WIKIMEDIA, NCIFollowing genetically marked donor memory T cells infused into hematopoietic stem cell transplantation patients, a team led by researchers at the University Vita-Salute San Raffaele in Milan, Italy, found that two types of less-differentiated memory T cells can persist for up to 14 years. The team’s results, published today (December 9) in Science Translational Medicine, demonstrate that the survival of these immune cells depends on the type of memory T cells initially introduced into patients, and whether these cells continue to encounter antigens over time.
“This was a really elegant and thorough study in people confirming some of what we already knew from mouse studies,” said immunologist Lewis Lanier of the University of California, San Francisco, who was not involved in the work.
“This is one of the most thorough studies using diverse clonal tracking technologies to analyze the fate of individual memory T cells in humans,” said Luca Gattinoni, a transplantation and immunology expert at the National Cancer Institute in Bethesda, Maryland.
Part of the adaptive immune system, memory T cells are generated from naive T cells; these specialized immune cells monitor reappearing antigens. Because it is difficult to longitudinally track antigen-specific clones in patients, most of what was previously known about memory immune cells had been found in mice.
At least one human study previously demonstrated that genetically modified T-cells could survive in circulation for at least a decade in humans. Researchers have also been able to identify three types of memory T cells—effector, central, and most recently, human T memory stem cells. Yet which cells are most important for maintaining long-term immune memories, and what factors are necessary for their maintenance, remains unclear.
For the present study Chiara Bonini of Vita-Salute San Raffaele and her colleagues monitored the presence of genetically marked donor T cells initially infused into 10 clinical trial participants following allogenic stem-cell transplants. These tagged T cells could be distinguished from the patients’ own T cells reconstituted from the stem cell transplants using two genetic markers. The team analyzed patient blood samples annually, tracking clones of the infused cells and their progeny using the distinct markers as well as unique integration sites of the retroviral vector used to engineer the cells.
“We know from following those vaccinated in childhood that memory T cells can be long-lasting, but which of these cells have the highest ability to expand and continue to mediate immune responses in vivo is still a question,” Bonini told The Scientist.
All three types of infused memory immune cells with varying antigen specificities persisted at a low but consistent level for up to 14 years in patients, the researchers found. The relative levels of these cells were similar to the cells generated by the patients’ reconstituted immune systems, suggesting that the engineered cells behaved in the same way as non-engineered immune cells.

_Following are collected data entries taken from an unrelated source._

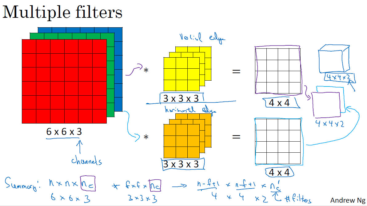 input image์ ์ฑ๋ ๊ฐ์์ convoutional filter์ ์ฑ๋ ๊ฐ์๋ ๊ฐ์์ผ ํ๋ค. ์์ํ์ ๋ณผ๋ฅจ์ ์ฃผ๊ณ ์ถ์ผ๋ฉด conv filter๋ฅผ ์ฌ๋ฌ ์ข ๋ฅ๋ฅผ ์ฌ์ฉํ๋ค.
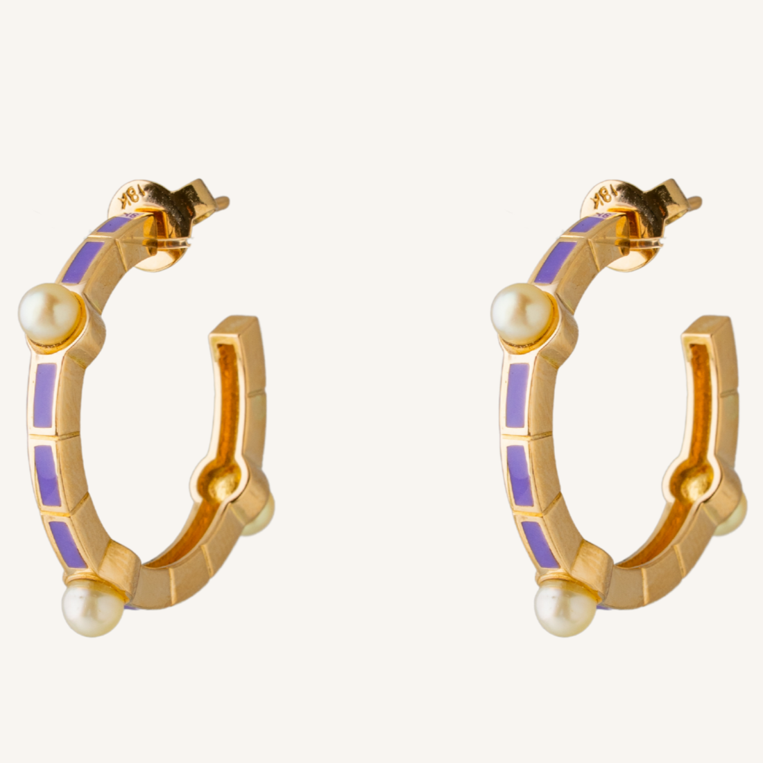 Inspired by the classic tennis silhouette, the Aurora Collection reinterprets it through hand-applied enamel in luminous shades of sunlit yellow, lilac and blush pink. Crafted in gold and accented with carefully selected natural pearls, each piece reflects the quiet brilliance of nature’s own Aurora light display. Designed to layer effortlessly, the rings, bracelets, necklaces and earrings move fluidly together.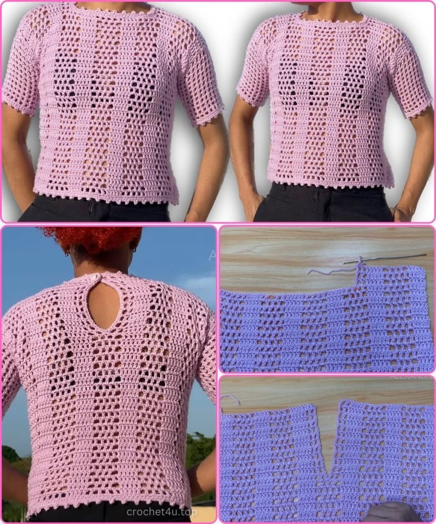 - Body: Work the pattern (repeating Rows 2 & 3) until you reach the necessary length for the blouse body (e.g., 35 cm in the video).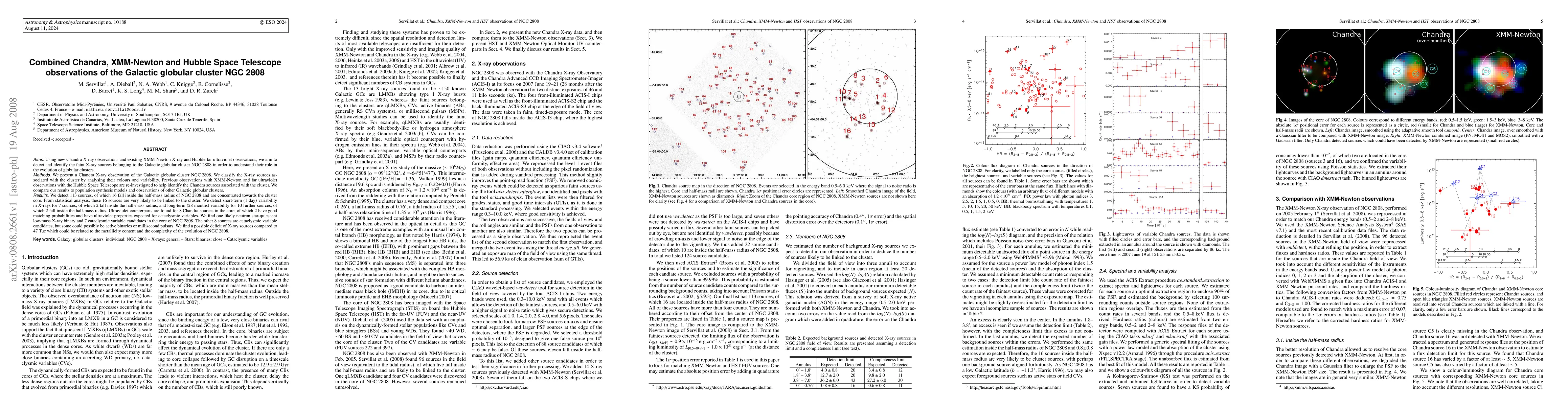 This study combines Chandra, XMM-Newton, and Hubble observations to identify and classify X-ray sources in the globular cluster NGC 2808, detecting 113 sources with 16 likely cluster members, including 7 cataclysmic variable candidates and 1 neutron star-quiescent low-mass X-ray binary, suggesting a possible evolution complexity linked to metallicity.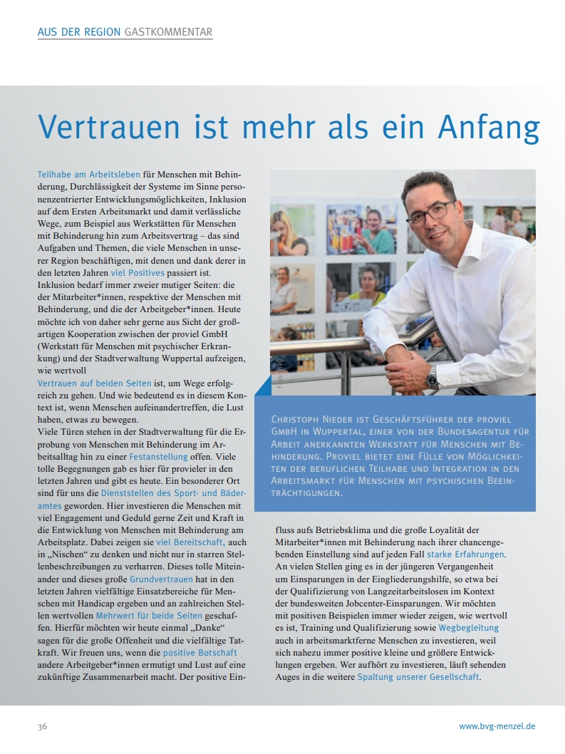 Bericht über Teilqualifizierungen bei proviel im Magazin bergische Wirtschaft mehr

“The researchers provide evidence that, after stem cell transplantation, the long-term maintenance and T cell subset composition in the blood is comparable to that of healthy donors, which validates their findings,” said Gattinoni.
The team found evidence to suggest that antigen exposure helps maintain these immune cells’ memories. The most abundant T cells—and the ones that survived the longest, more than a decade—were those that were identified as stem and central memory T cells at the time of the initial infusion. “We observed that the degree of expansion and persistence is different for these three subpopulations, and were the highest for stem memory T cells” said study coauthor Giacomo Oliveira, a postdoctoral fellow in Bonini’s lab.
The results suggest that for T cell–based immunotherapies, treatments that promote the production of T memory stem cells could result in the most durable and effective treatments. “Now we would like to introduce tumor-specific T cell receptors or chimeric antigen receptors into the memory stem T cells and test their efficacy in the clinic,” Bonini said.
Lanier is skeptical, as results from mouse studies suggest that stem-specific memory T cell markers may not influence the cells’ longevity, he said. Still, Gattinoni is excited about the results. “They strongly support what we have been thinking about for a while—that immunotherapy for cancer and [bacterial and viral] infections should consist of T cell populations enriched in T memory stem cells.”
G. Oliveira et al., “Tracking genetically engineered lymphocytes long-term reveals the dynamics of T cell immunological memory,” Science Translational Medicine, doi:10.1126/scitranslmed.aac8265, 2015.